Three hours after the infection process, no substantial differences in the number of intracellular bacteria were observed, indicating that all analyzed strains had an internalization rate similar to one of the invasive strain ATCC12598 (Figure A2 and Table A2).

Figure A2

Invasion rate of MRSA strains from different genetic backgrounds. After 2 hr of infection at an MOI of 100:1, external and adherent bacteria were removed by lysostaphin treatment for 1 hr. The MG‐63 cells infected with the different strains were osmotically lysed, and the number of intracellular bacteria was determined by plating serial dilutions of the lysates on blood agar plates and counting the colonies grown after overnight incubation at 37°C. The graph reports the mean ± SD for each clone for two different experiments

Table A2

The statistical analysis relative to strain invasiveness was performed by comparing the rate of infection of each strain with the rate of infection of ATCC12598 as control for cell culture method at 3 hr p.i., using t test, p value and 95% of confidence

t Test	ATCC12598‐ST30	ST239‐SCCmecIII	ST5‐SCCmecII	ST8‐SCCmecIV	ST228‐SCCmecI	ST22‐SCCmecIVh
Rate of Infection CFU/infected MG‐63	3.2 × 106 ± 3.7 × 105	2.7 × 106 ± 2.8 × 104	3.3 × 106 ± 5.8 × 105	2.4 × 106 ± 1.4 × 105	2.8 × 106 ± 6.3 × 105	4.3 × 106 ± 6.8 × 105
p value	—	.2548	.9819	.0932	.6016	.2394
95% confidence interval	—	−1.545 × 106 to 5.455 × 105	−1.904 × 106 to 1.937 × 106	−2.001 × 106 to 2.34 × 105	−2.461 × 106 to 1.627 × 106	−1.095 × 106 to 3.26 × 106

Evaluation of the bacterial intracellular persistence frequency by imaging flow cytometric analysis—IFC

Construction of the analysis template on ATCC12598

The frequencies of intracellular bacterial cells within MG‐63 osteoblasts were evaluated after selective VBFL‐bacterial labeling by the novel imaging flow cytometric approach using the new generation Amnis® FlowSight® Imaging Flow Cytometer.
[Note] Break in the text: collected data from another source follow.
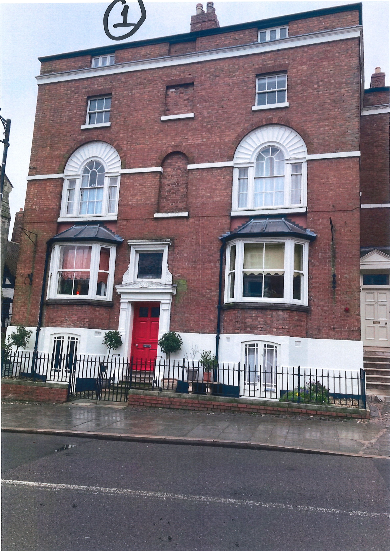
FRONT OF GRADE II RESIDENTIAL BUILDING
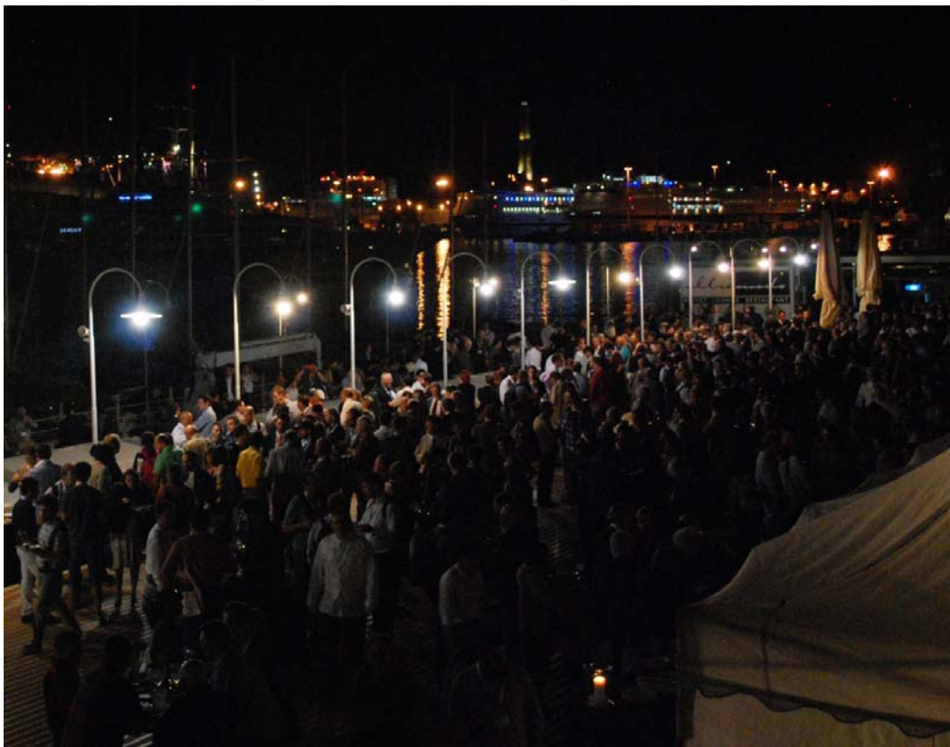
Photo 5. Conference dinner on the patio of the Aquarium of Genoa in the “Porto Antico” (Old Harbor), September 17, 2013.
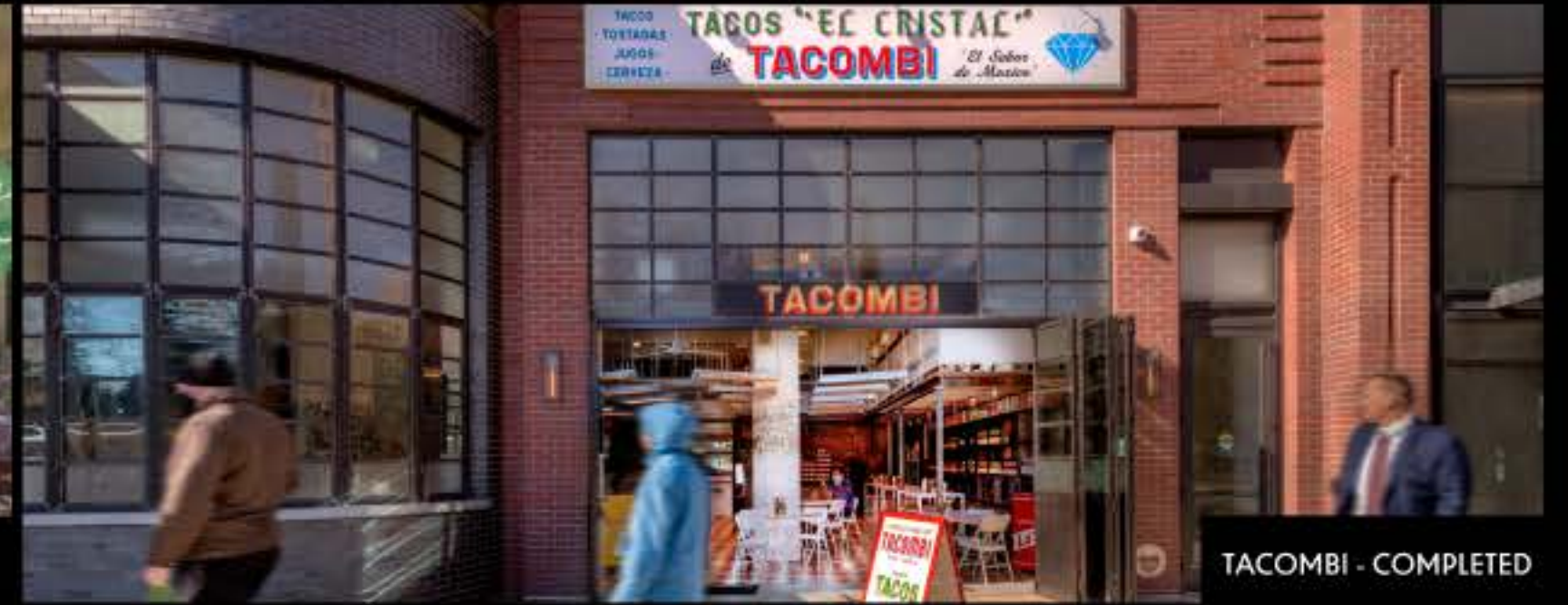
TACOMBI - COMPLETED

We acquired 10,000 events for each sample and as quality control, the stained and not stained bacterial suspension to exclude autofluorescence; a negative control of infected, but not permeabilized cells, was also acquired to guarantee the exclusively intracellular localization of green spots. For each experiment, a sample of unmarked cells was acquired to exclude cellular autofluorescence or false‐negative results.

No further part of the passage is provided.